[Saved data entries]
=== Section Start ===
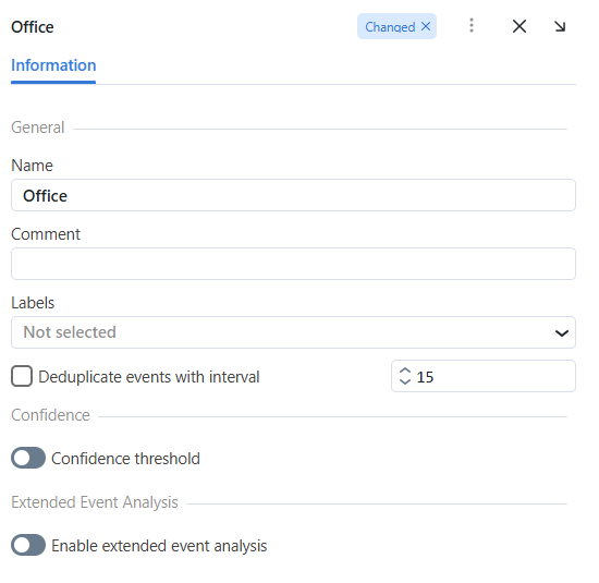 Use deduplication with extreme caution. If cameras within a group observe different scenes, some objects may be skipped. See Deduplicate Events for details.
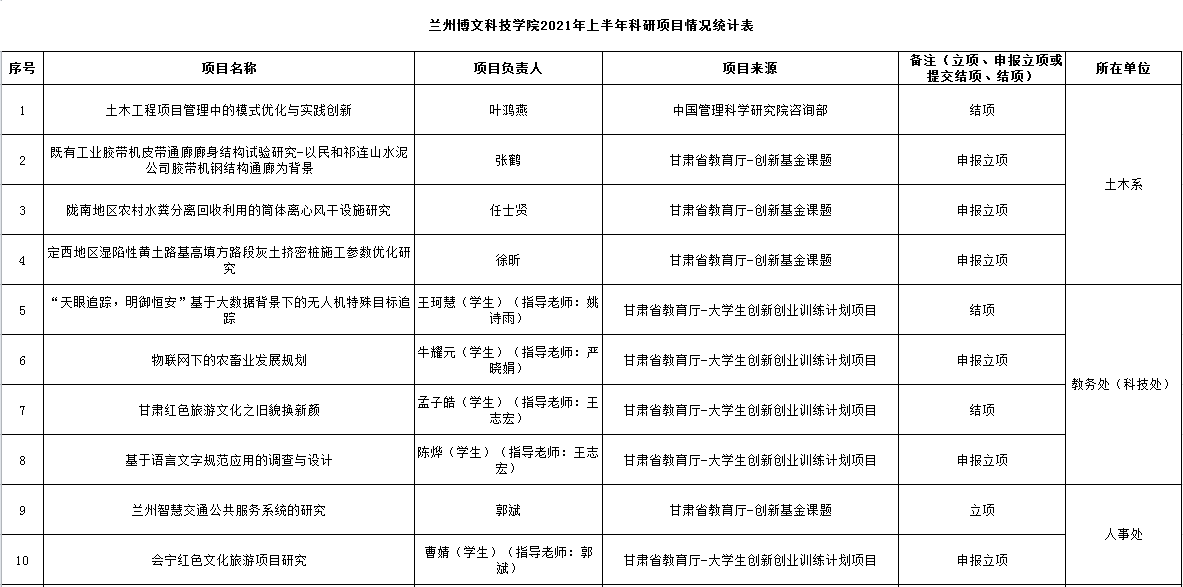 bat365在线中国登录入口2021年上半年科研项目情况统计表
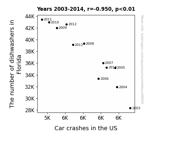 This means 90.3% of the change in the one variable (i.e., Car crashes in the US) is predictable based on the change in the other (i.e., The number of dishwashers in Florida) over the 12 years from 2003 through 2014.
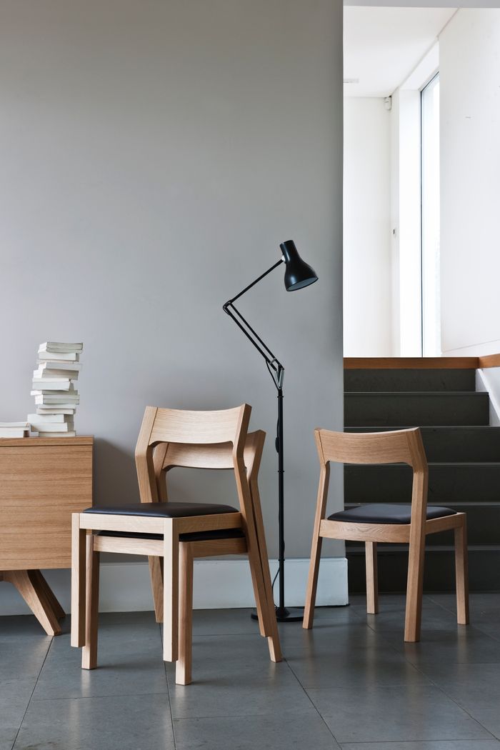 The Profile Chair was designed by Matthew Hilton to accompany his award-winning Cross Extending Table. Crafted from solid timber, this well proportioned chair features a soft upholstered leather seat pad, splayed legs and a recessed back which ensures it is extremely comfortable to sit in for extended periods of time.
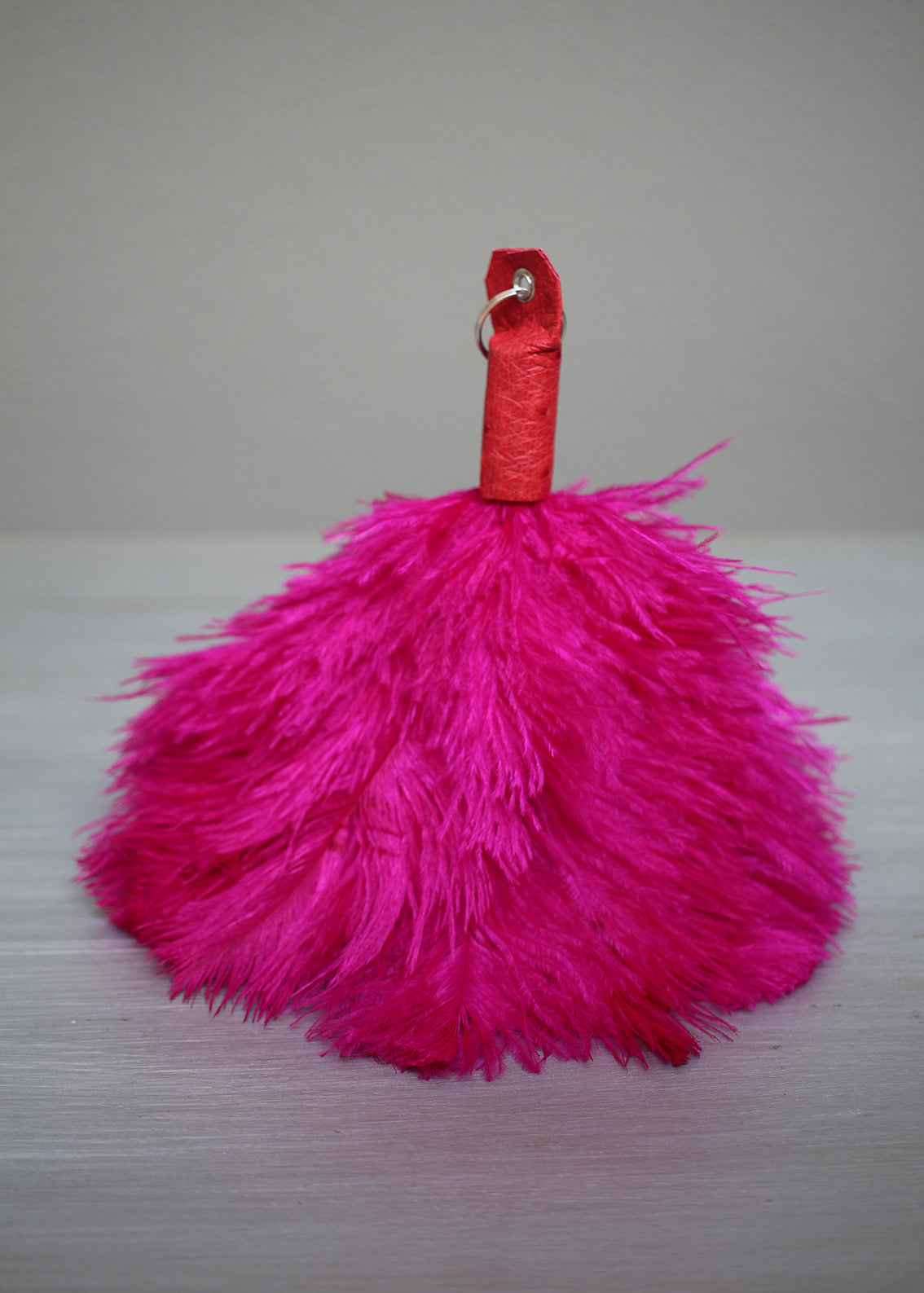 A fashion statement on its own, this vivid pink ostrich feather keyring is simply fabulous. The brightly dyed ostrich feathers are gathered into a sturdy leather base complete with silver keyring. Multi-functional the keyring feathers can also be used as a mini feather duster for your computer keyboard. You will be the talk of the town with this unique piece.
=== Section End ===
**What is needed:** Write back the stretch of lines above that begins with the line holding "bat365在线中国登录入口2021年上半年科研项目情况统计表" and ends with the line holding "This means 90.3%", both included, exactly as written. Pictures stay out.

**Expected output:**
 bat365在线中国登录入口2021年上半年科研项目情况统计表
 This means 90.3% of the change in the one variable (i.e., Car crashes in the US) is predictable based on the change in the other (i.e., The number of dishwashers in Florida) over the 12 years from 2003 through 2014.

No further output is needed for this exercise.